- Directed by: Michael Maren
- Written by: Michael Maren
- Produced by: Alfred Sapse
- Starring: Bryan Greenberg Linda Lavin Harris Yulin Emmanuelle Chriqui Kathleen Rose Perkins Benjamin King
- Cinematography: Nancy Schreiber
- Edited by: Timothy Snell
- Music by: Julia Kent
- Production company: Big Fan Films
- Release date: October 12, 2013 (Hamptons);
- Running time: 94 minutes
- Country: United States
- Language: English

= A Short History of Decay (film) =

A Short History of Decay is a 2013 American comedy-drama film written and directed by Michael Maren. It stars Bryan Greenberg, Linda Lavin, Harris Yulin, Emmanuelle Chriqui, Benjamin King and Kathleen Rose Perkins. Though its title is taken from the work of philosophy by Emil Cioran, it is not an adaptation of the book.

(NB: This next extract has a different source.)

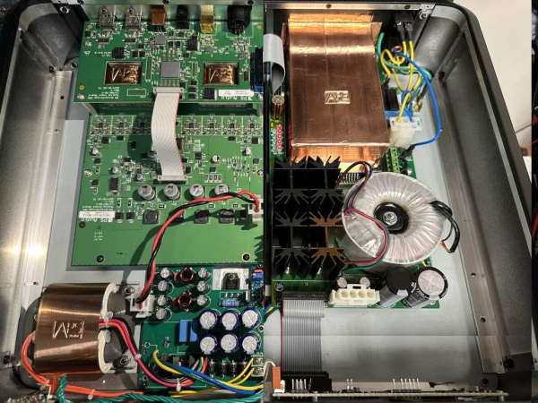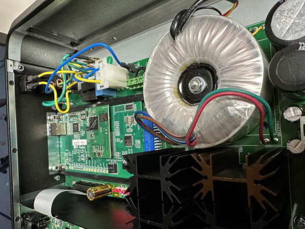 With an upgraded pure copper AC inlet, Silver input wiring, Our discrete 5 Volt regulator, A 50% larger pre regulator cap. Upgraded post regulator cap, Additional post regulator cap, Hand-picked transformers.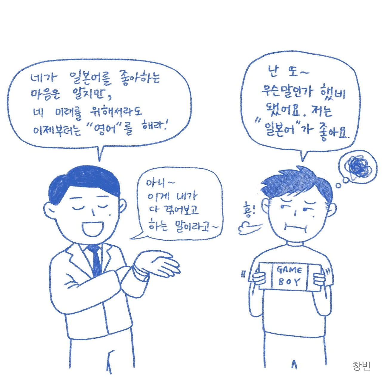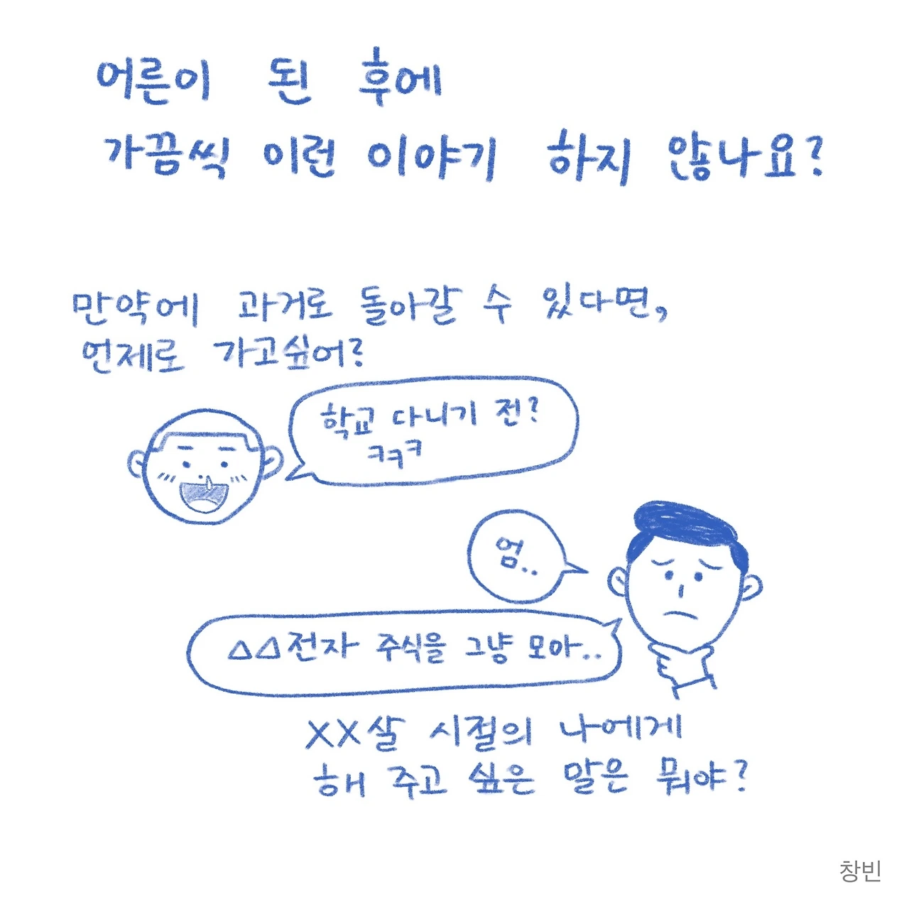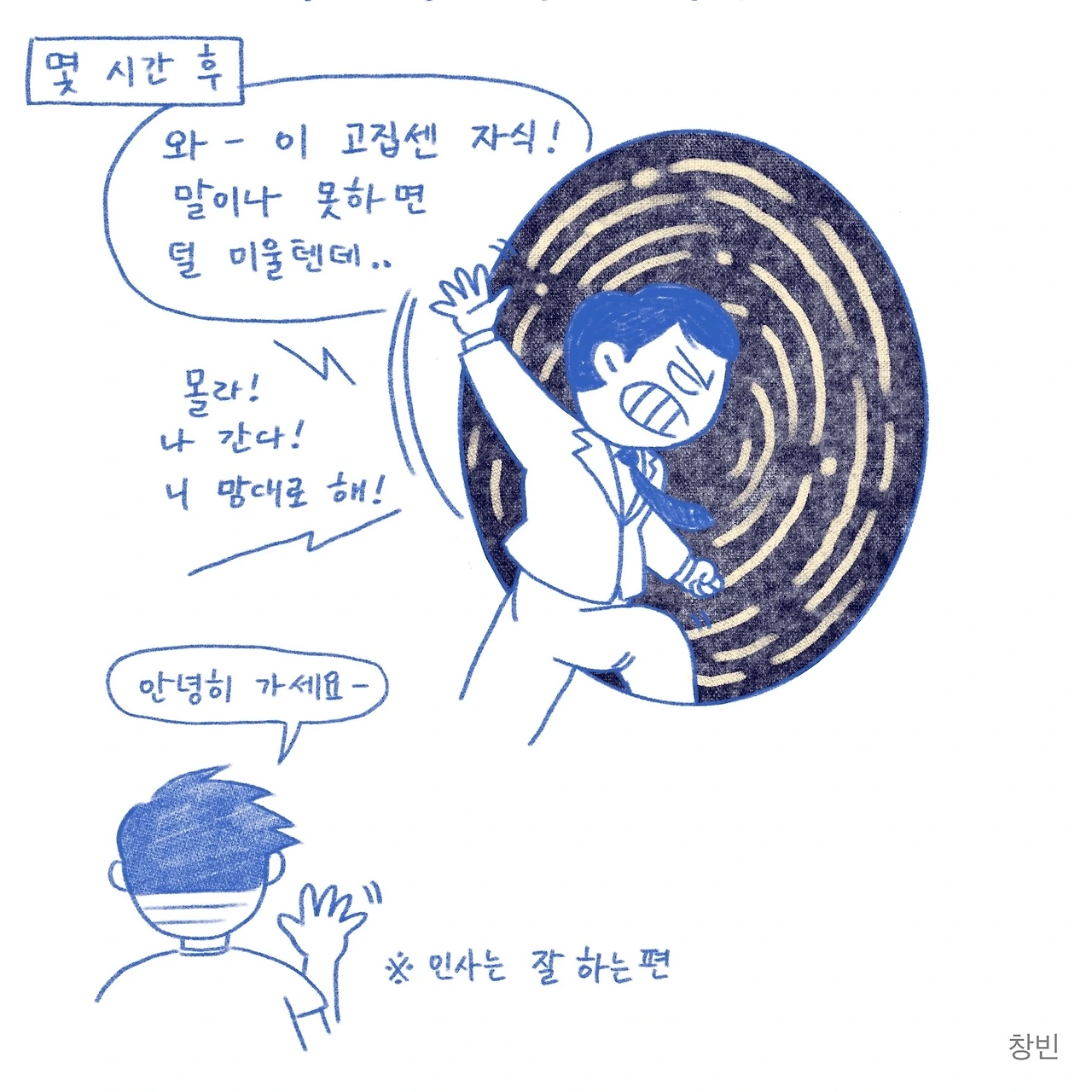 복잡하기도 하고, 이해력이 부족한 저는, 내가 생각하던 '백 투 더 퓨쳐'의 시간 이동은 거짓이라는 전제만 받아들이고 영화에 다시 몰입했지만, 이번 만화를 그리며 다시 생각해보건대 창빈이라는 인격체는 과거나 지금이나 똑같다는 사실을 기반으로 한다면, 아무리 시공간을 넘어선 여행을 하더라도 또 하나의 창빈 역시 저만큼 고집 센 인간일 것이 틀림없기 때문에 상당한 시간을 들여야 하는 수고스러움이 발생한다는 결론에 다다르게 됩니다.

The film was shot in October and November 2012 in Wilmington, North Carolina, Wrightsville Beach, North Carolina, and New York City. It premiered at the Hamptons International Film Festival on October 12, 2013 and it opened theatrically at the Village East Cinema on May 16, 2014.

==Plot==
The film is a comedy about a failed Brooklyn writer, Nathan Fisher, who visits his ailing parents in Florida. His mother has Alzheimer's, his father has recently had a stroke, and his girlfriend has recently broken up with him.

==Cast==
- Bryan Greenberg as Nathan Fisher
- Linda Lavin as Sandy Fisher
- Harris Yulin as Bob Fisher
- Emmanuelle Chriqui as Erika Bryce
- Kathleen Rose Perkins as Shelly
- Benjamin King as Jack Fisher
- Rebecca Dayan as Alex
- Joanna Manning as Molly

==Coffeehouse scene==

On November 19, 2012, Maren, with cinematographer Nancy Schreiber, shot the final scenes of the film at Kos Koffe, a coffee shop in Park Slope, Brooklyn. In the scene, Greenberg's Nathan Fisher walks into the shop intending to work on his writing to win his girlfriend back. In an elaborate sight gag, Maren brought 43 New York Area writers to fill every seat in the coffee shop. Nathan Fisher looks at them with the feeling that he doesn't belong in their company. The writers included Jennifer Egan, Michael Cunningham, Philip Gourevich, Kurt Andersen, Gary Shteyngart, Darin Strauss, Jane Green, Jean Hanff Korelitz and Nick Flynn.